Now that we know why Google is discontinuing Universal Analytics and why Google Analytics 4 is a better tracking tool for today’s eCommerce marketing, let’s look at how Google is going to make it happen.
- If you’re using Universal Analytics properties, data collection will continue until July 1, 2023
- From July 1st, Google Analytics 4 will be the default Analytics tool
- After July 1st, for at least six months, marketers will still be able to access previously processed data
- For larger online retailers using Google Analytics 360, you will have until October 1, 2023, before the default changes from UA to GA4
5. What Do eCommerce Marketers Need to Do Before July 2023?
So, what should eCommerce marketers do before the change? The first thing you should do is to
check if you’re using Universal Analytics for any of your properties and backup up your UA data.
Then, if you still use Universal Analytics, you will need to:
- Switch to GA4 ASAP. To do this, you will want to set up a GA4 property with your existing UA property. However, you should follow this Google guide and use GA4 Setup Assist to ensure you’re doing it correctly.
- Export reports. Although UA data will be acceptable for a least six months after the change, you want to export individual reports and BigQuery and set yourself up to use the Google Analytics Reporting API as soon as possible.
- Update Google Ads tracking. Next, you will need to update your Google Ads tracking. It’s likely that you have conversion tracking set up. Therefore you need to import GA4 conversion in Google Ads and remove any UA goals.
Here’s a more detailed breakdown of how to switch to Google Analytics the right way.
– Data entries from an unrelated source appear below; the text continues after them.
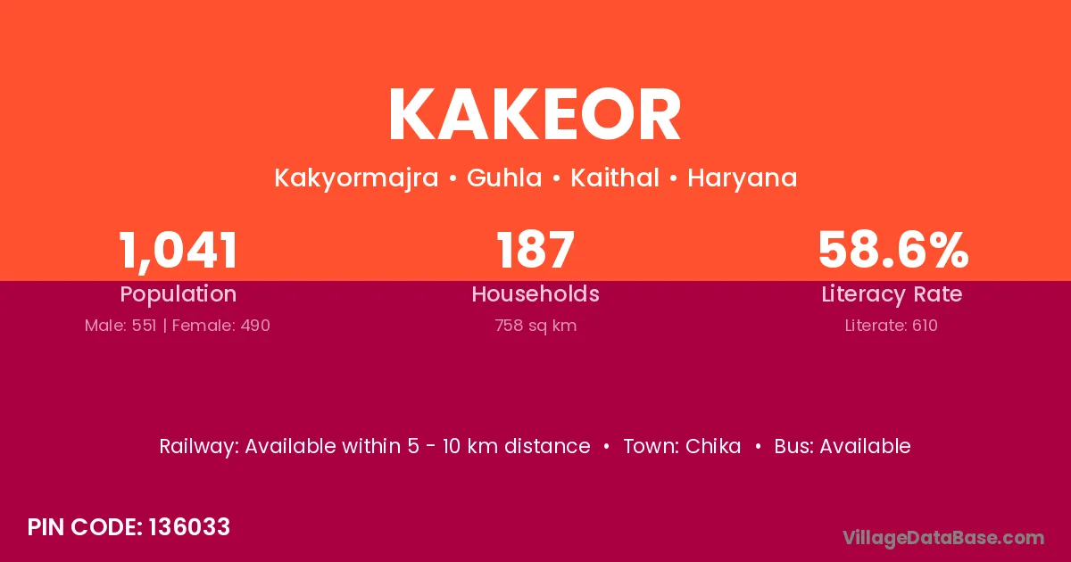 Kakeor village has a total population of 1,041 people, of which 551 are males and 490 are females.
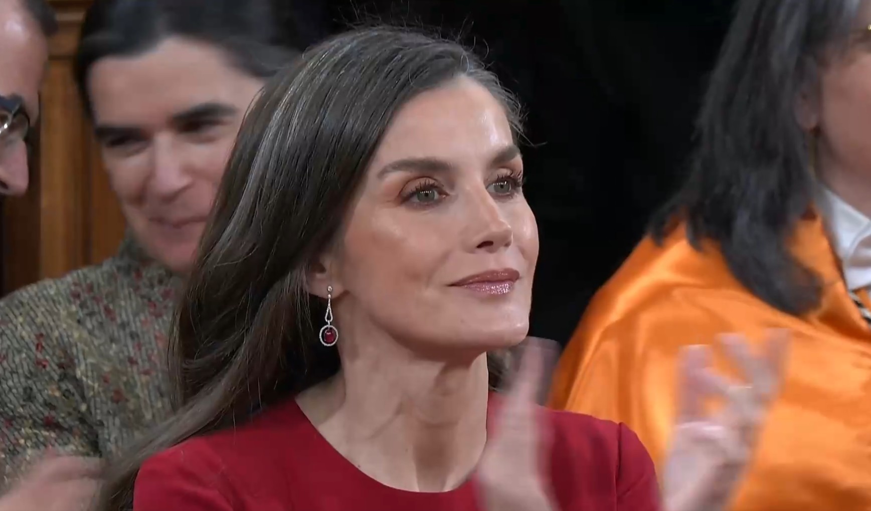 La Reina ha aprovechado la ocasión para ir a juego con el Rey con un elegantísimo vestido rojo que combinó con una capa negra de Carolina Herrera.
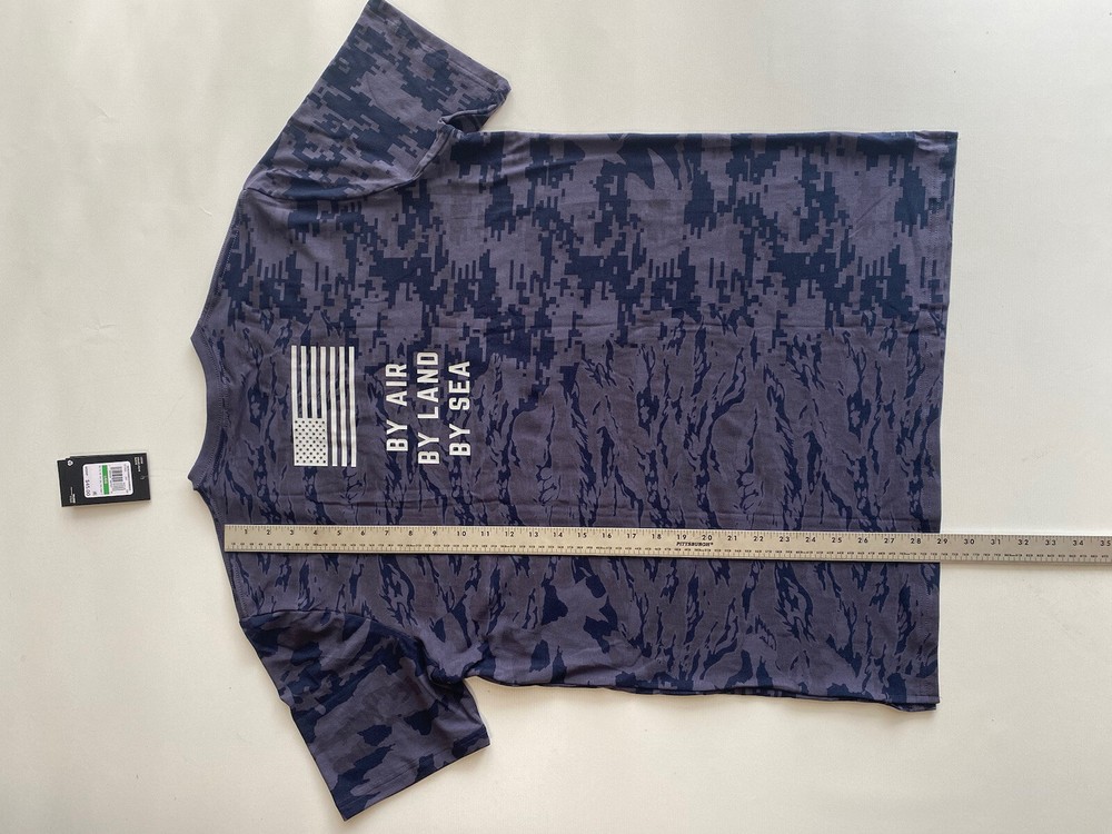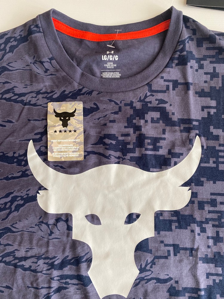 This Under Armour Project Rock T-Shirt is perfect for gym and training sessions or casual wear. The blue camouflage pattern with a logo accent adds a touch of style. The shirt is made of a polyester, cotton, and elastane blend and is machine washable for easy care. The pullover style with a crew neck and short sleeves makes it a great choice for all seasons. The T-shirt is unlined, tagless, and non-iron, ensuring maximum comfort. Please refer to the pictures for shirt length and chest size. Condition of the item is New w/ Tag. Shipped asap by USPS First Class Mail.
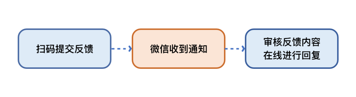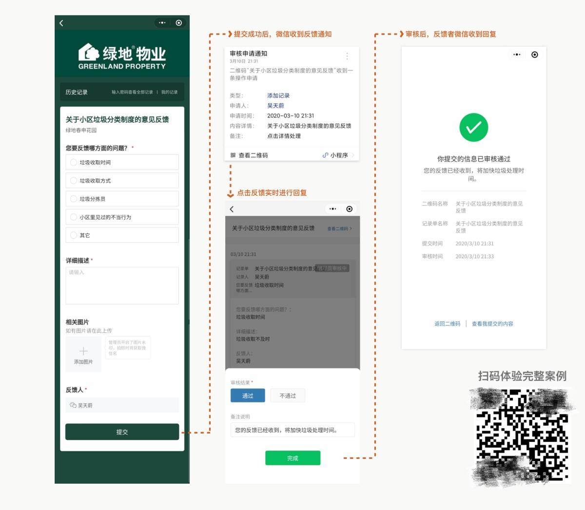 除此之外,传统纸质留言板需要用笔进行填写,反馈意见费时费力,相关单位收到反馈意见后也无法直接进行回复。将留言建议的记录单制作成二维码,放在布告栏等位置,业主/消费者等可以扫描二维码随时随地进行反馈,相关单位可以通过微信实时接受反馈意见,还可在线进行回复。
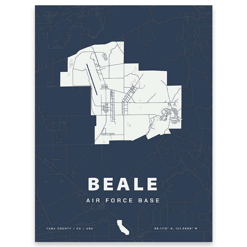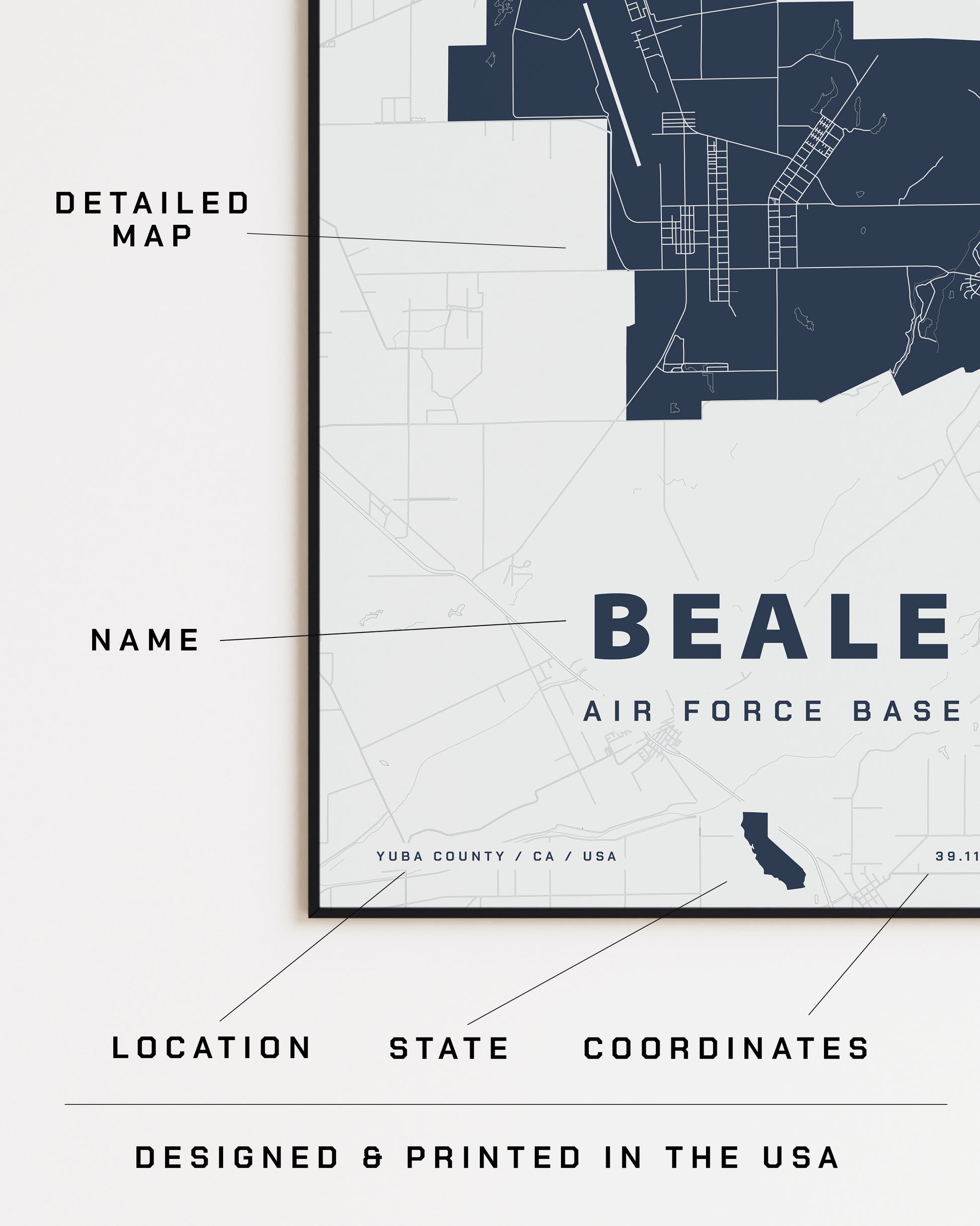 Created by a military wife to commemorate each military family's journey, this map of Beale AFB is a meaningful way to add art to your home. Collect every place you've been stationed for an effortless gallery wall that tells your story.
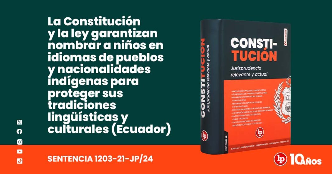 Fundamento destacado: 39. En esta línea, otorgar un nombre a un niño o niña, en idiomas de los pueblos y nacionalidades indígenas, está garantizado por la Constitución y la Ley con la finalidad de proteger las tradiciones lingüísticas y culturales propias de las comunidades, pueblos y nacionalidades indígenas y con ello también, reafirmar al Estado ecuatoriano como un Estado intercultural y plurinacional.
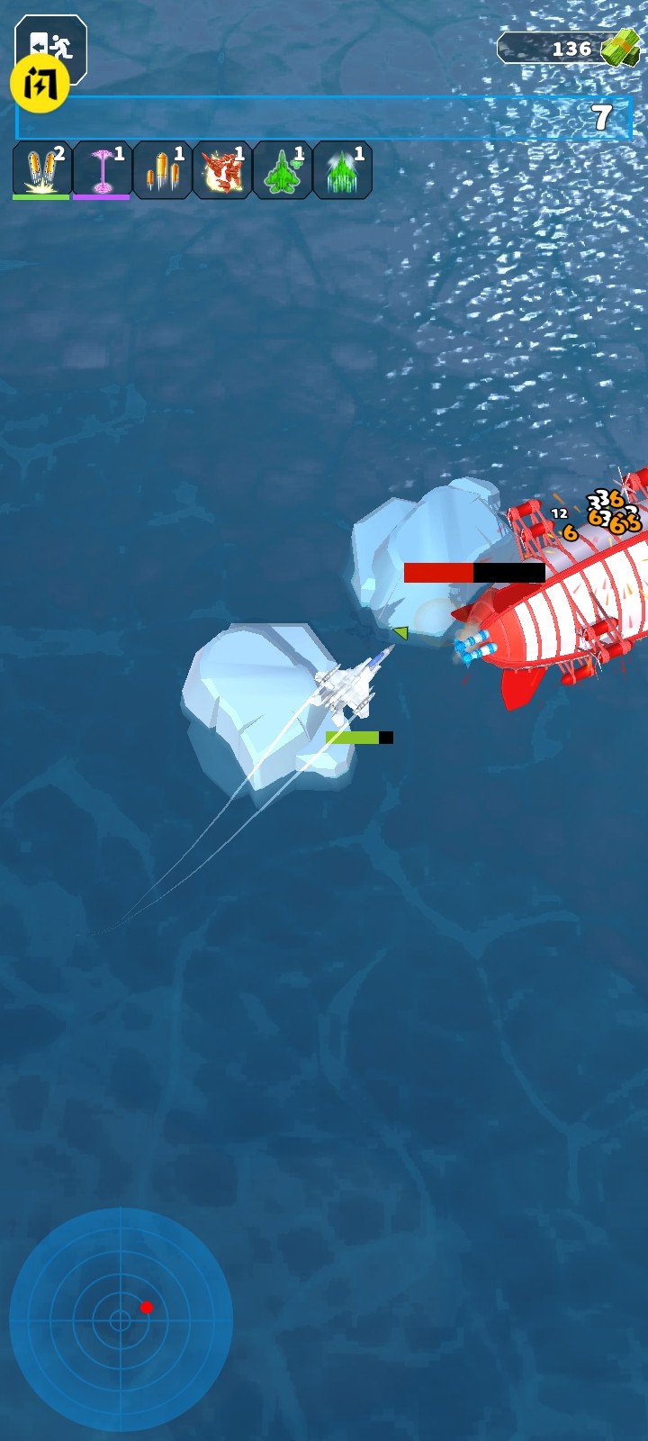 1、控制飞机在场景中战斗,击败敌人,获得经验和升级,获得随机技能继续战斗,完成更多级别的挑战。

Final Thoughts: Google Analytics 4 Is Coming. Are You Ready?
There you have it, everything you need to know about Google’s change from Universal Analytics to Google Analytics 4. There is no doubt that the new analytics property is much better suited to today’s cross-channel shopper and will offer better insights while improving privacy.
And if Google Analytics 4 offers better tracking, why wait? If you’re still on UA, it’s best to start migrating as soon as possible so that you are not only prepared for the change, but enjoy the benefits sooner rather than later.